厄除け その5

次に「3,生き霊によるもの」ですが、多数の人々から強く恨まれたりする場合に突発的な災いに遭うことがあり、また本人だけでなく、家族に影響が出ることもあります。

 なかなか、人から恨まれずに生きるということは難しいと思いますが、逆恨みも含めて生き霊の影響は意外と怖いものです。

 また、多数の人々からでなく、生まれつきのテレパシー性質や、特殊な鍛錬よって強い念力を持つ人物(武道家や行者など)からの個人的な影響を受けるケースもあります。

以前、あるジャーナリストが、カリスマ柔道家木村政彦氏にプロレスラー 力道山との思い出について取材した際、プロレス興行当時、力道山にだまされて大敗し、以来、自身の額に「怨」の文字を念じて力道山を呪いつづけていたところ、力道山が暴漢に襲われ刺殺されたのだという。
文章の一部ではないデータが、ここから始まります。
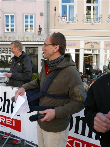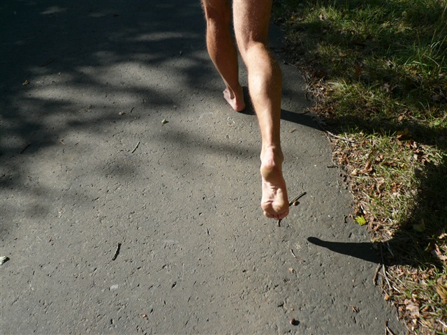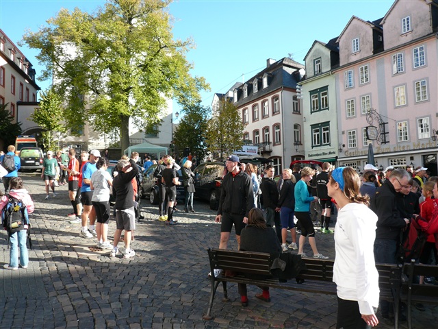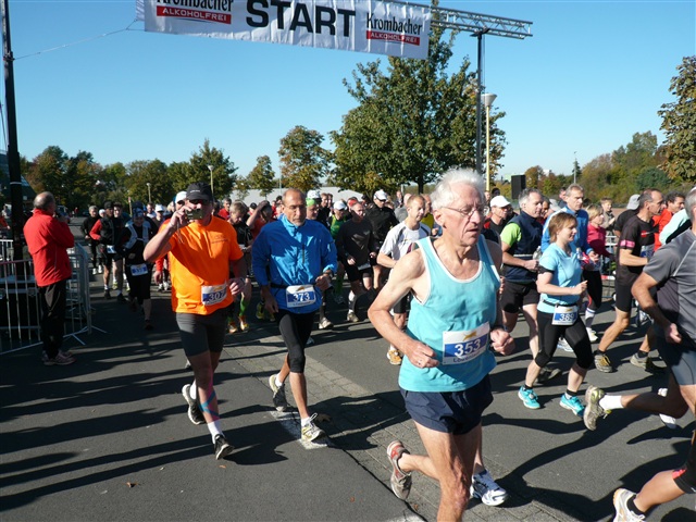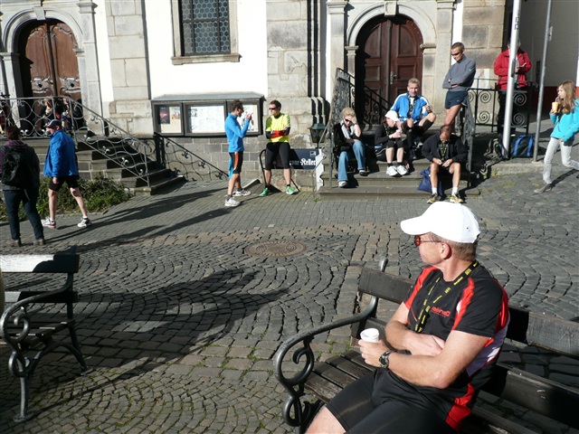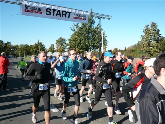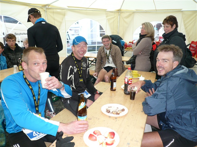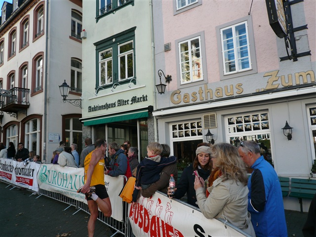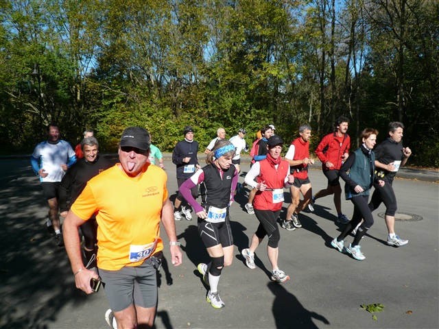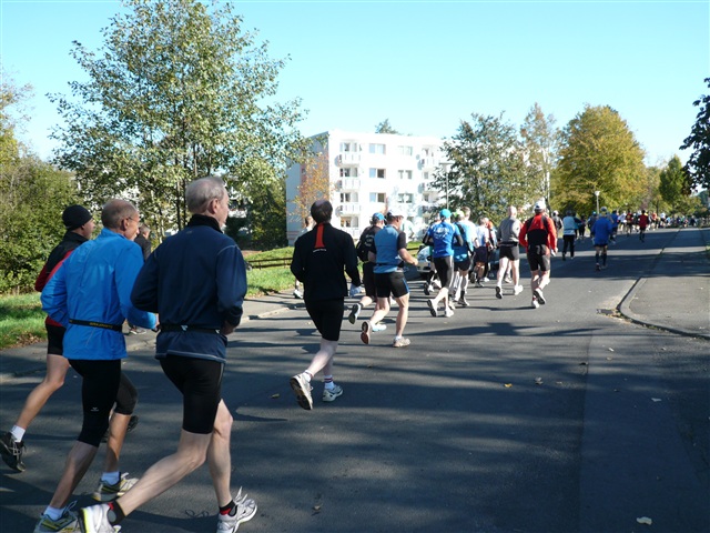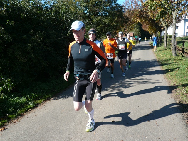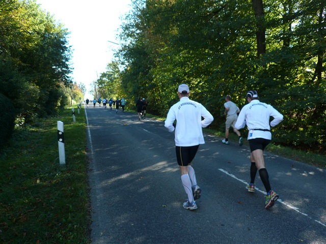 Die ständig wechselnden Untergründe sind immer gut zu belaufen, es sei denn, ja, es sei denn, man heißt Dietmar (nicht Mücke), eifert dem Dietmar (Mücke) nach und bestreitet seinen ersten Marathon barfuß. Natürlich wird der gebürtige Nürnberger direkt interviewt und nach seinen Erfahrungen befragt, schließlich schätze auch ich den wenig bis unbeschuhten Lauf ebenfalls sehr, bin aber nicht so mutig. Seine FiveFingers hält er in den Händen und zieht diese über, wenn es zu übel wird. Mit den Schuhen an den Füßen enteilt er im Sauseschritt, ist er barfuß, hole ich ihn wieder ein.

ジャーナリストは、「それは偶然ではないのか?」と聞くと、「では君も同じように念じてみようか?」と木村氏いわれ、びびって逃げるように引き上げたそうです。

また、生き霊の念というのは、無意識に発動する場合もあるようです。以前、ある地方の営業所にいたとき、知人が車で訪問してきたのですが、知人が部屋に入るなり、営業所のおじさん(少し変わった人です)が、「外の駐車場でもう一人、女性が待ってるよ」といいました。わたしは、「は?」と思いましたが、知人はびっくりして、「実は妹が一緒に行きたいといっていたのだが、急用で行けなくなってしまったので、もしかしたら妹が見えるのかも?」といってました。その時点で妹さんは、急用に追われていたのですが、行きたかったなあという思いが無意識に生き霊となって営業所にあらわれたのではないかと思われます。

 生き霊を避ける、または普段から防ぐ仏教の法としては、観音信仰があります。観音さまの功徳を伝える法華経 普門品、いわゆる「観音経」の中に、「呪詛諸毒薬 所欲害身者 念彼観音力 還著於本人」(呪いや毒などを用いて、あなたを傷害しようとする者がいても 彼の観音菩薩を念じるなら 害をはねのけて返してしまうので実害はなくなる」とあります。

 せちがらい世の中、どうぞ、観音経を念じて思わぬ災いから身を守りましょう。